Start of Data

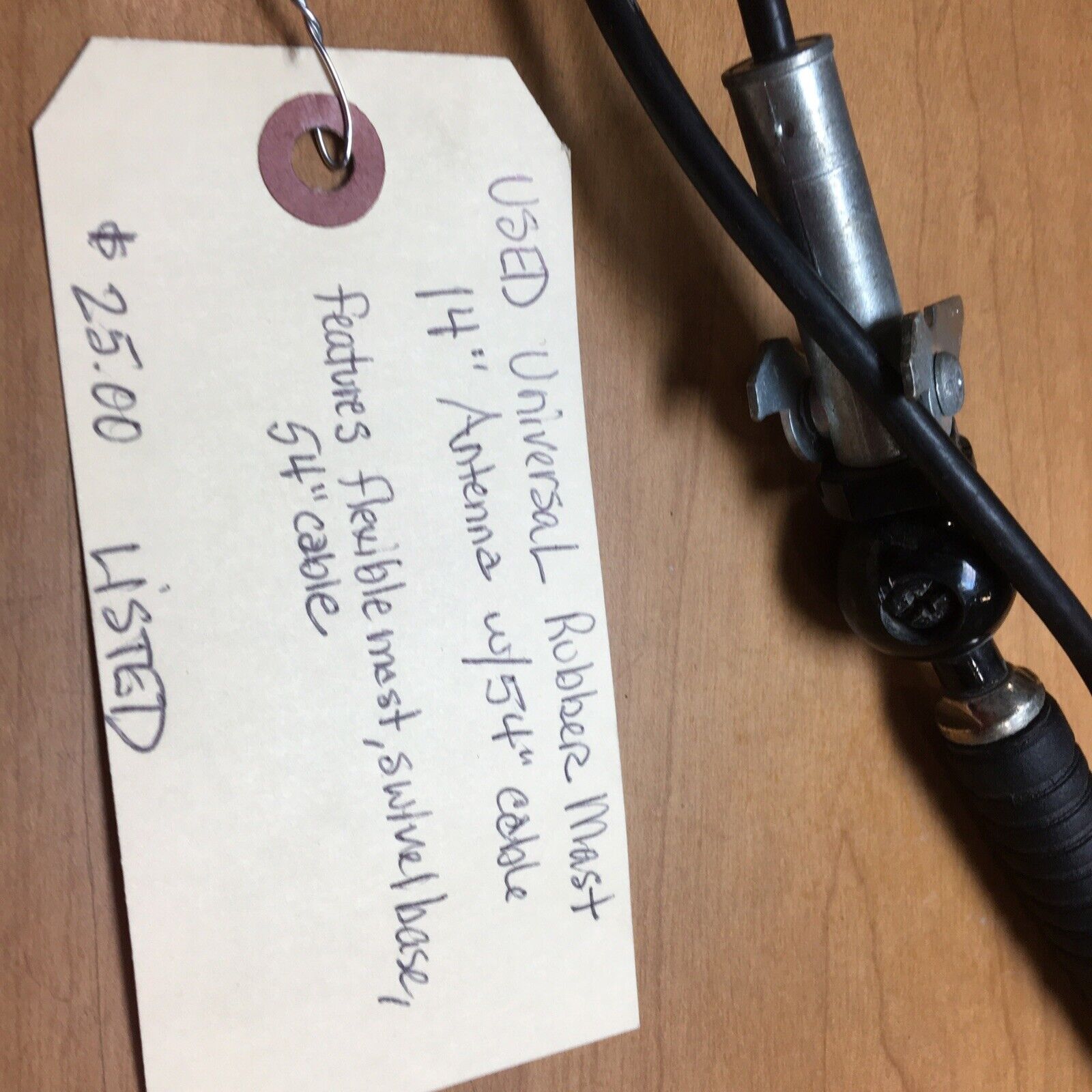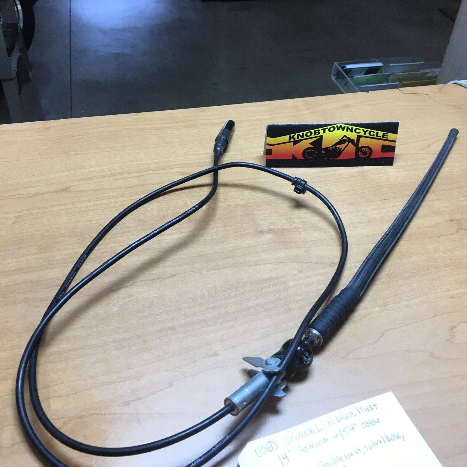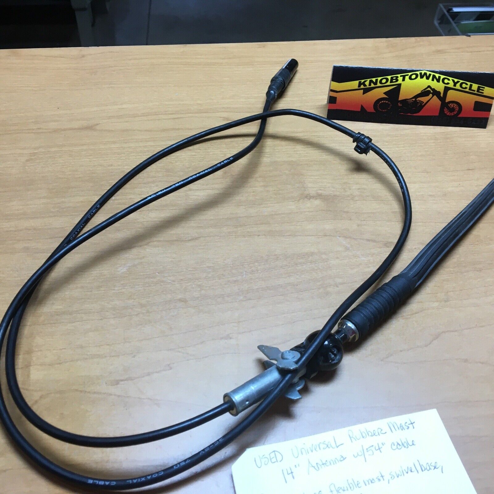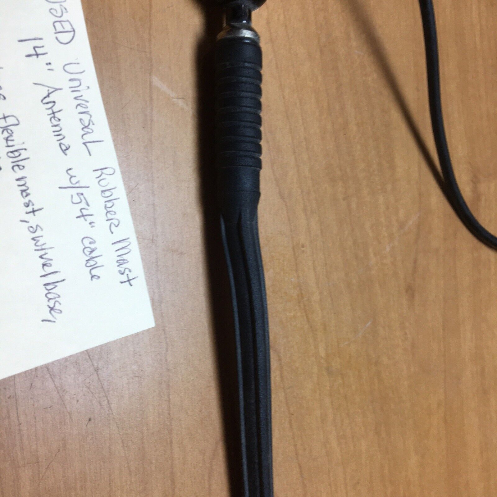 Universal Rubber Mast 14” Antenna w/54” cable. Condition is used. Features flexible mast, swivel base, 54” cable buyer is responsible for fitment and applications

End of Data
Start of Data

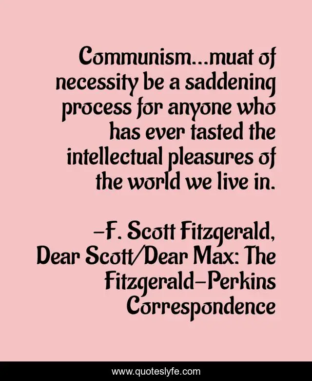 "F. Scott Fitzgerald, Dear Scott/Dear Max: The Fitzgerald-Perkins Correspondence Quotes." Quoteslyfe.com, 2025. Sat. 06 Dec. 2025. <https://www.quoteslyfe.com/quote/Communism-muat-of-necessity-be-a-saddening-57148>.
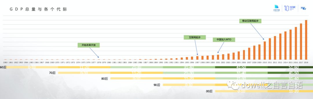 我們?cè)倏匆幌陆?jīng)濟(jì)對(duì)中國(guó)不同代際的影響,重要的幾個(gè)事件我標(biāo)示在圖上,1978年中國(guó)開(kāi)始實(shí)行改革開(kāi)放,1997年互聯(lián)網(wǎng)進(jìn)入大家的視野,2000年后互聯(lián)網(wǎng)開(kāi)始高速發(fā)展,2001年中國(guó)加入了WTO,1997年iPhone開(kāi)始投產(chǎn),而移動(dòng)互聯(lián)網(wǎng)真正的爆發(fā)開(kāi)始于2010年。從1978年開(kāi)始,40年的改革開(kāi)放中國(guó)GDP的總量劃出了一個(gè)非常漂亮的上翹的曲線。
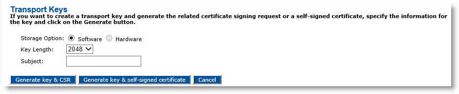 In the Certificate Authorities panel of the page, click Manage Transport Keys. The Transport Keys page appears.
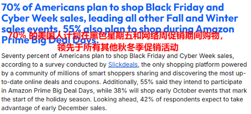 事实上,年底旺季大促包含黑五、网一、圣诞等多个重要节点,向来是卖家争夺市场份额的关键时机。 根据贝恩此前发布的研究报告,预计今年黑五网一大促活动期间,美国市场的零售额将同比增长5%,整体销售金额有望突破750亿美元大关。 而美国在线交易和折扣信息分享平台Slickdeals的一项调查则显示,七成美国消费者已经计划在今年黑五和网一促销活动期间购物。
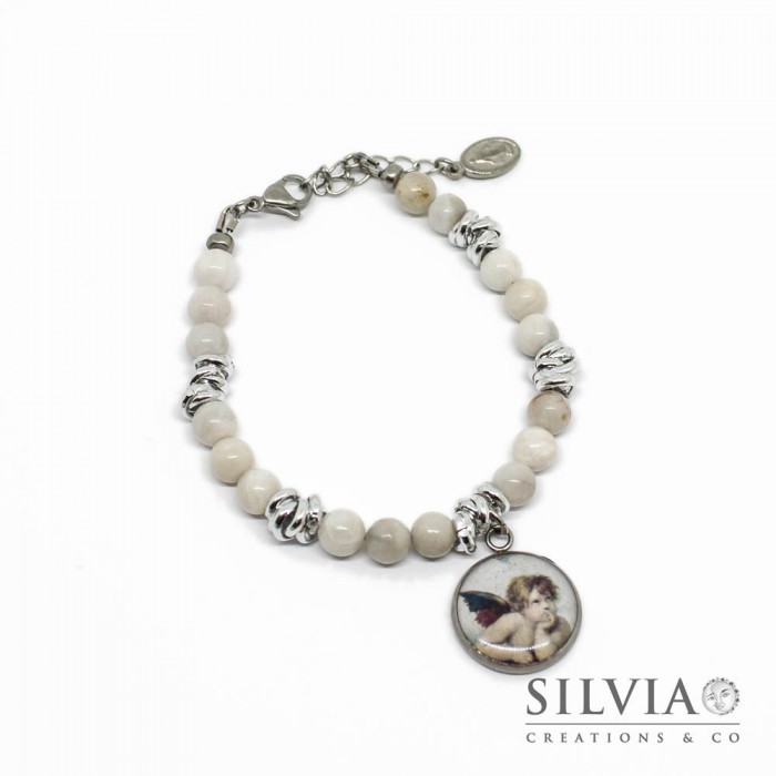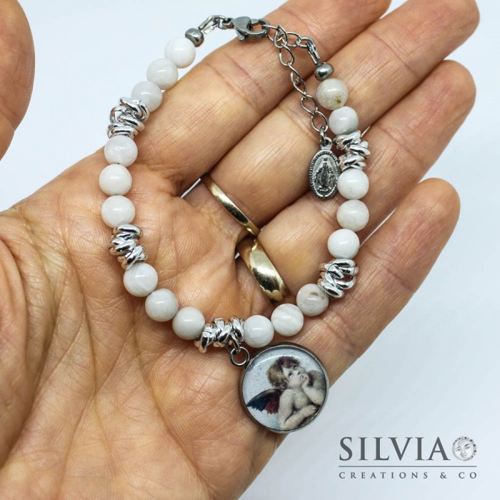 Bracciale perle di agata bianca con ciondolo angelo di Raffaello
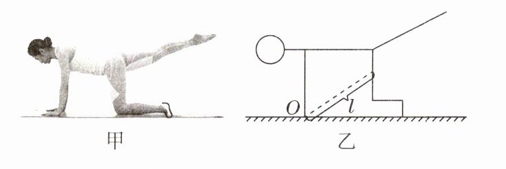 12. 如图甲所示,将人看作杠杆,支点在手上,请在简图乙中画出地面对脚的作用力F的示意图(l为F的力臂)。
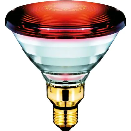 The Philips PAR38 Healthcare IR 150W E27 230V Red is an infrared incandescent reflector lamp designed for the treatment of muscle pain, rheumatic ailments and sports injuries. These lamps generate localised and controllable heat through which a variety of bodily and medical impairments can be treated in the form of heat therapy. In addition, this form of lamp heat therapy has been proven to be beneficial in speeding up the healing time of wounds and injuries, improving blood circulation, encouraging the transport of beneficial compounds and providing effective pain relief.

End of Data
Start of Data

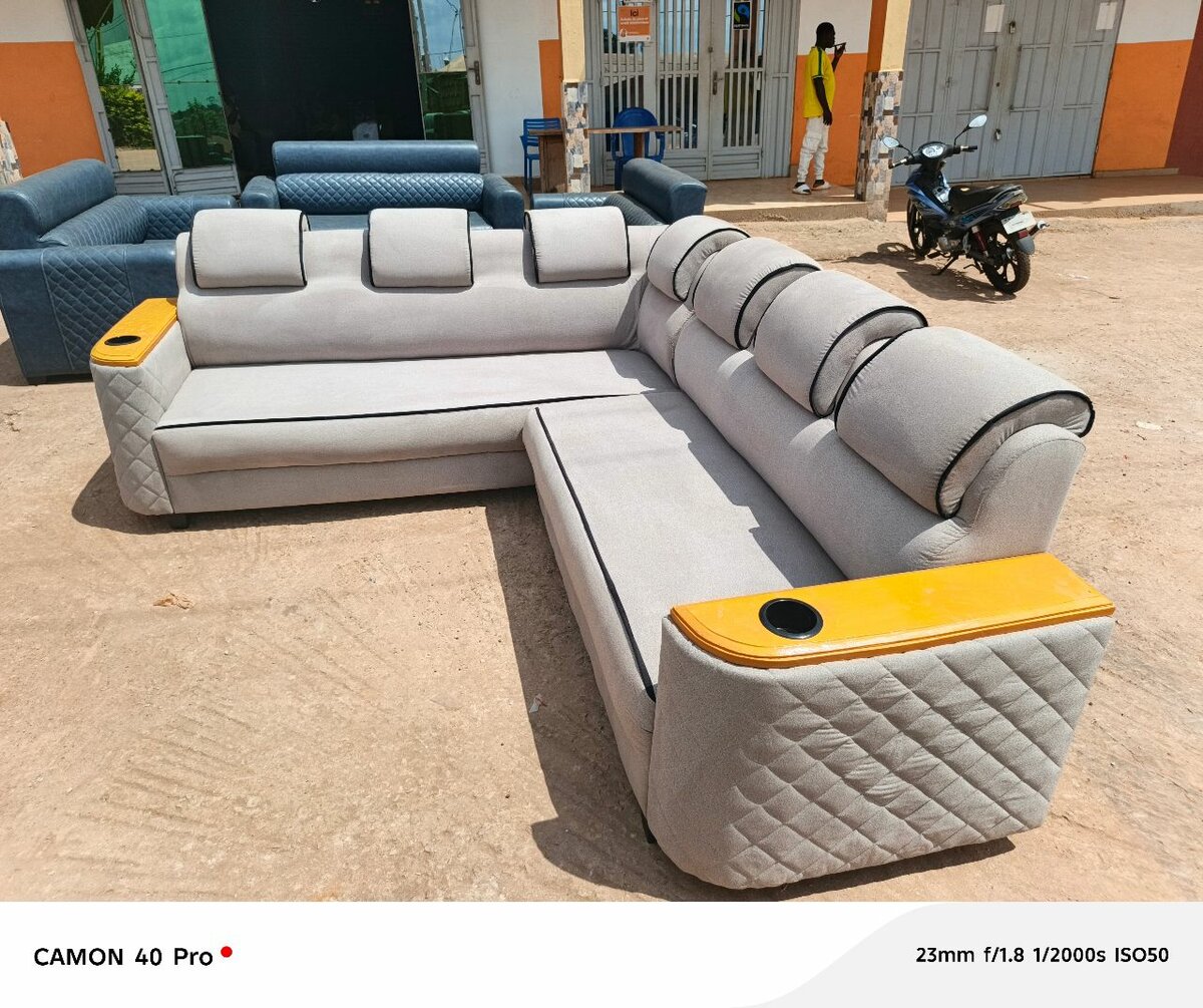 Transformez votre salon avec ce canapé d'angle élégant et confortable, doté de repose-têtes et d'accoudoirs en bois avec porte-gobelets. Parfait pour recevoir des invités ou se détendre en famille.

End of Data

• _Exercise aim_: Copy exactly, without pictures, the lines above from the one with "12. 如图甲所示,将人看作" down to the one with "The Philips PAR38", inclusive.

• _Answer to this exercise_:
 12. 如图甲所示,将人看作杠杆,支点在手上,请在简图乙中画出地面对脚的作用力F的示意图(l为F的力臂)。
 The Philips PAR38 Healthcare IR 150W E27 230V Red is an infrared incandescent reflector lamp designed for the treatment of muscle pain, rheumatic ailments and sports injuries. These lamps generate localised and controllable heat through which a variety of bodily and medical impairments can be treated in the form of heat therapy. In addition, this form of lamp heat therapy has been proven to be beneficial in speeding up the healing time of wounds and injuries, improving blood circulation, encouraging the transport of beneficial compounds and providing effective pain relief.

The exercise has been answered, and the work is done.